Steve: That has everything to do with our new curator, we call him a curator. And that's a holdover from the idea that this place is a museum. A curator is someone who cares for historical or for museum artifacts. In my day, that's all I did.

There were some trees here that were historically interesting and so the idea was to keep them alive. And that meant cutting down oak trees, for instance. And it meant removing vast quantities of broom and poison oak and blackberries. I didn't do most of that work. Circuit Riders was engaged to do it.

It was a war on poverty idea. LBJ. They had a headquarters up in Windsor. And they brought a crew down here, and they must have worked for weeks, and they took almost all of the, maybe some valuable plants, who knows. Lisa Bush was running it, and she was very well educated.

Everybody was wondering, what's left? And a guy named Bob Hornback was rummaging around here, and he was a botanist and he has become a historical botanist. Very important character. But that's to explain the word curator.

Jamie Self, who is the current curator, and has been for, what, three years now? Three years. Brought in a whole lot of new energy and new ideas. And he took it to the next level, which was to actually start propagating, maybe eventually even hybridizing. That meant you had to control the deer population. That meant fencing off a good section of the farm for that purpose. And that was a controversial thing. I think we all agree it was a good idea. So Jamie who had experience already with managing volunteers from Esalen Institute and who is a landscape contractor with all the tools and expertise that go with that.

I was a landscape contractor too, but I'm from the dark ages. I did plans with a pen and a pencil. I did all my billing myself, with checks and invoices. Nowadays that's all happening online. Jamie's got that under control, but he's really brought a lot.

Alex McLean was here for 10 years, and he did a lot; he was a building contractor. So he did a lot of repairs on this building, the cottage. He completely remodeled the nursery and turned it into a modern, productive facility.

Aaron Sheffield turned out to have a talent for getting grants. If you have willing people and you have someone who can write grants and you put them together, stuff happens.

That also was not true for most of my career here. Of course I started from zero. There were no paths. There was no electricity. There was no sprinkler system; there was nothing. We took it to the point where there was a new barn. That was built in '97 with help from the Pellini family. And they helped us get a tractor. And that meant we could put in better paths. And it went on from there. I would say that the farm is no longer what it was thought to be, which was a museum. It's now become a working facility that produces lots and lots of nursery plants. It's growing crops like potatoes and tomatoes and flowering plants.
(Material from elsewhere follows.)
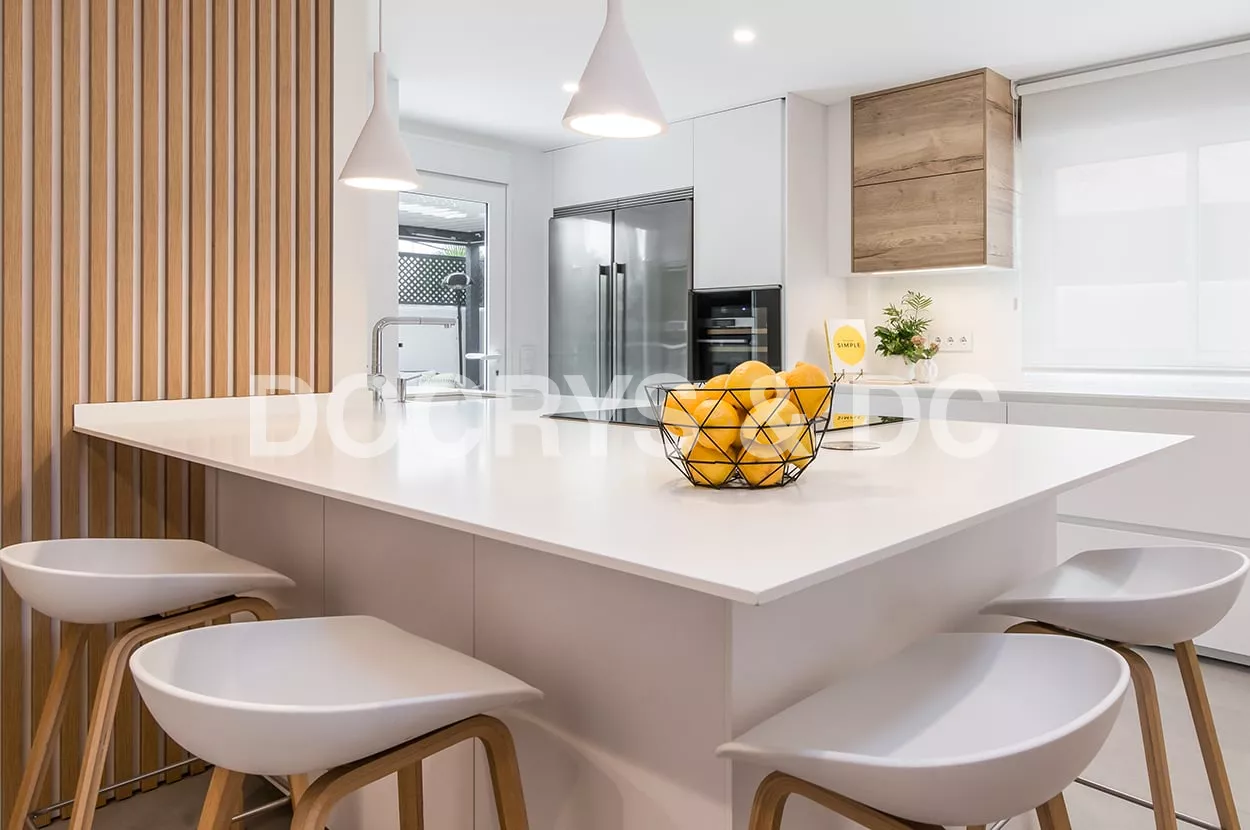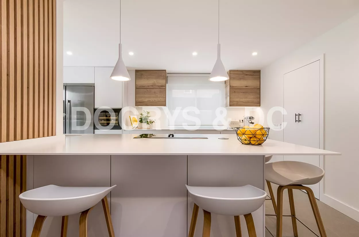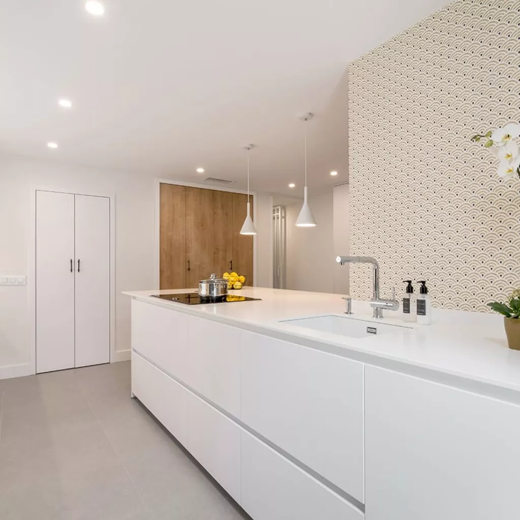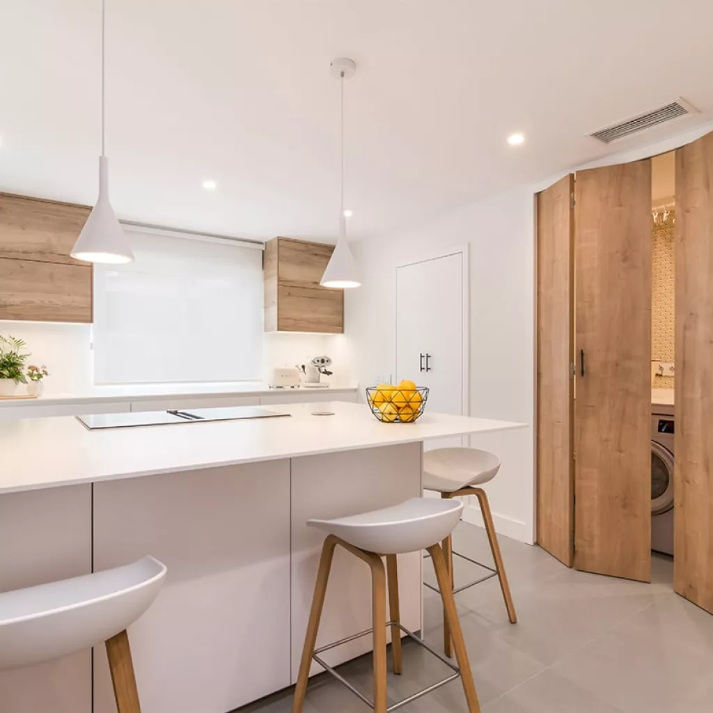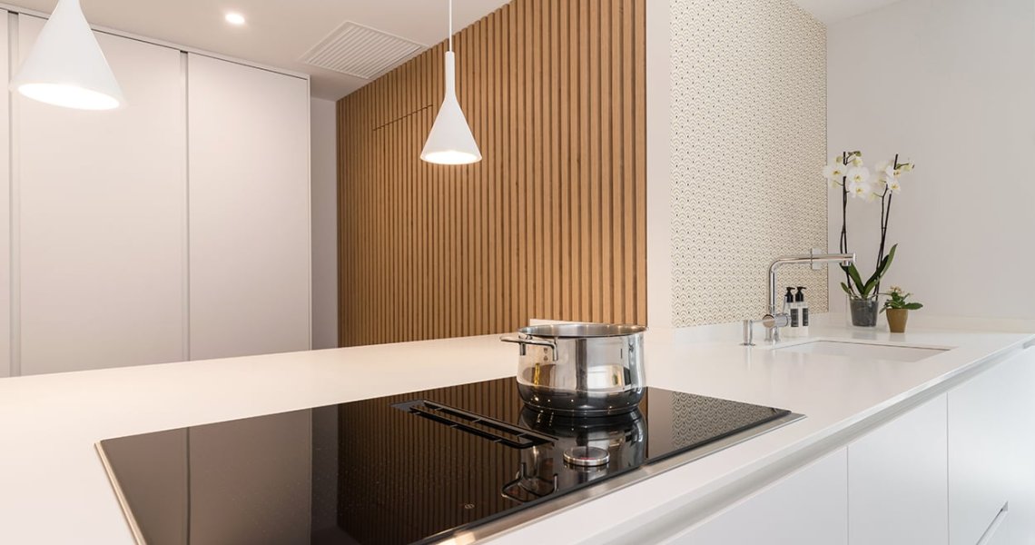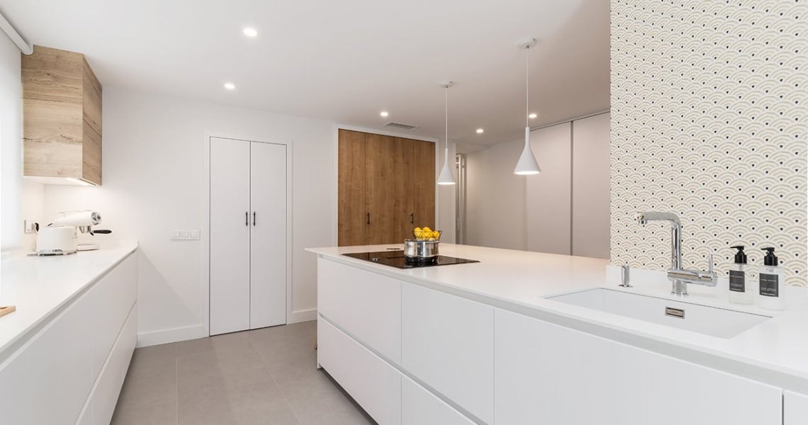 En el otro frente, hemos ubicado la zona de aguas y los grandes electrodomésticos, de este frente sale una gran península, donde se encuentra la zona de cocción, además de una gran zona de trabajo y una barra para cuatro comensales.

It has a tree nursery, where lots of trees are being grown. These are all on display this coming weekend on Saturday, the 16th. From 10 o'clock on? 10 to 2. So we're showing off this weekend. That's called the Press Fest. We're going to be displaying our antique apple press beautifully redone. It's a hand crank. Oh, kids love that. You get that flywheel going and it just practically drags you around in a circle . 

But there's an electric one too, and the Slow Food people operate that on weekends and produce a lot of juice. It's a great public service and it's another sideline for the farm.